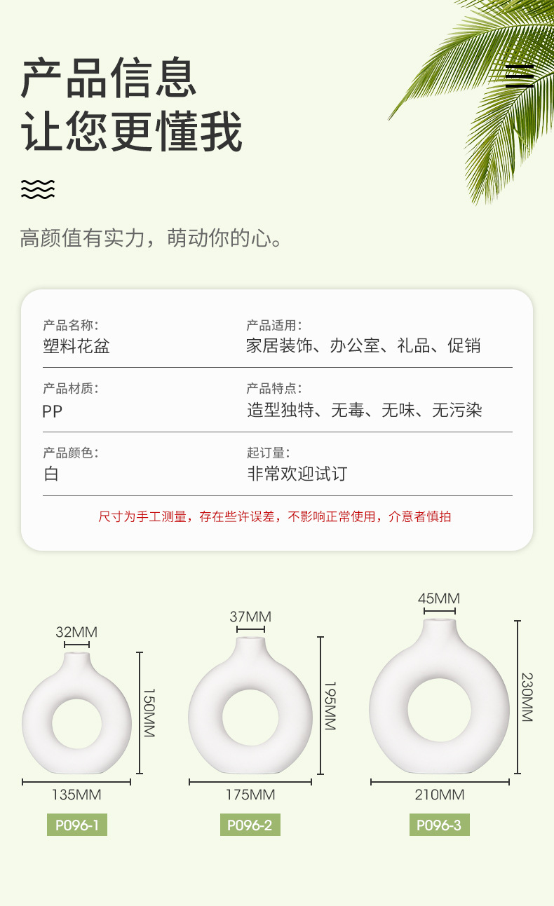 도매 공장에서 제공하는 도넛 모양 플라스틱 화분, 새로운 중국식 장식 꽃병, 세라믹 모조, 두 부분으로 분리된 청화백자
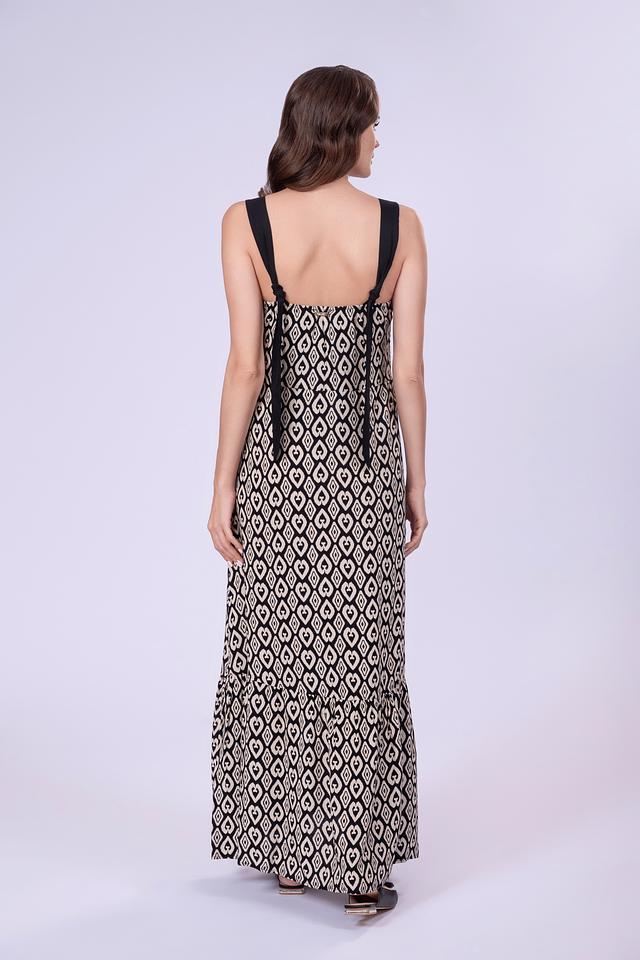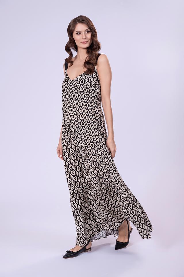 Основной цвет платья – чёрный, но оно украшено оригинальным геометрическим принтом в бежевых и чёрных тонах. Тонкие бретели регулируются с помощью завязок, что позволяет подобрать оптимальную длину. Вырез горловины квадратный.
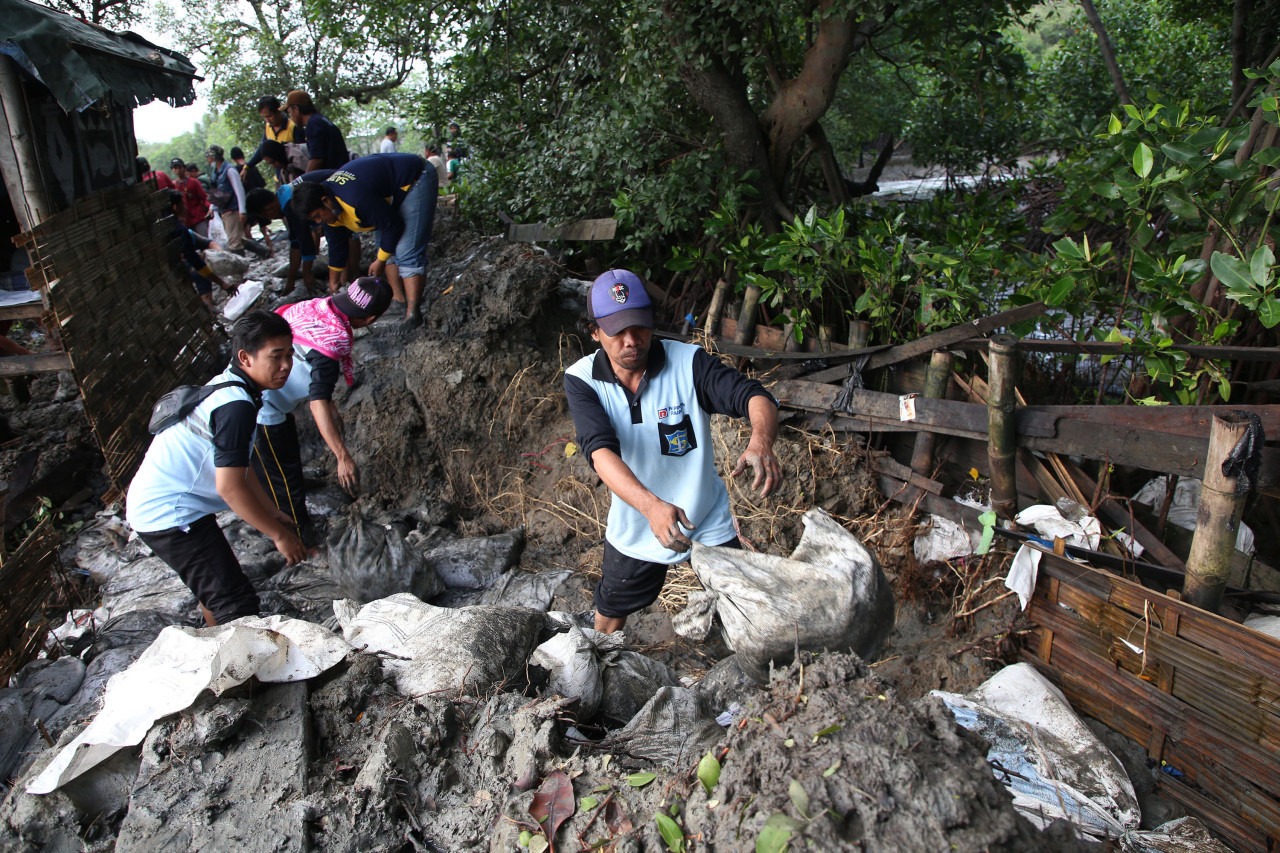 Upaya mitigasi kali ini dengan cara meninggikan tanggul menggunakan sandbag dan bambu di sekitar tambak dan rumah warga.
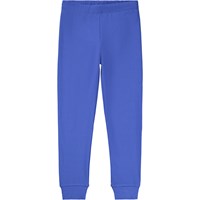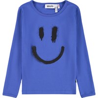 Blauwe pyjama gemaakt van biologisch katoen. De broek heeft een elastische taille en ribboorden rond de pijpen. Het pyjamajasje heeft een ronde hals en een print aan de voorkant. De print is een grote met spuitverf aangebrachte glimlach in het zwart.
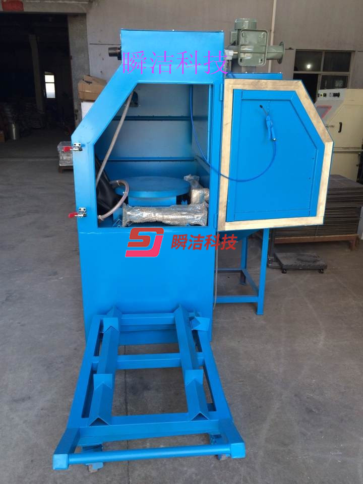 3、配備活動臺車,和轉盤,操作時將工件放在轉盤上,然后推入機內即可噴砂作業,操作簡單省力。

++++

**GOAL OF THE EXERCISE**
What is needed is an exact copy of the entries, without any images.

**TASK ANSWER**
 도매 공장에서 제공하는 도넛 모양 플라스틱 화분, 새로운 중국식 장식 꽃병, 세라믹 모조, 두 부분으로 분리된 청화백자
 Основной цвет платья – чёрный, но оно украшено оригинальным геометрическим принтом в бежевых и чёрных тонах. Тонкие бретели регулируются с помощью завязок, что позволяет подобрать оптимальную длину. Вырез горловины квадратный.
 Upaya mitigasi kali ini dengan cara meninggikan tanggul menggunakan sandbag dan bambu di sekitar tambak dan rumah warga.
 Blauwe pyjama gemaakt van biologisch katoen. De broek heeft een elastische taille en ribboorden rond de pijpen. Het pyjamajasje heeft een ronde hals en een print aan de voorkant. De print is een grote met spuitverf aangebrachte glimlach in het zwart.
 3、配備活動臺車,和轉盤,操作時將工件放在轉盤上,然后推入機內即可噴砂作業,操作簡單省力。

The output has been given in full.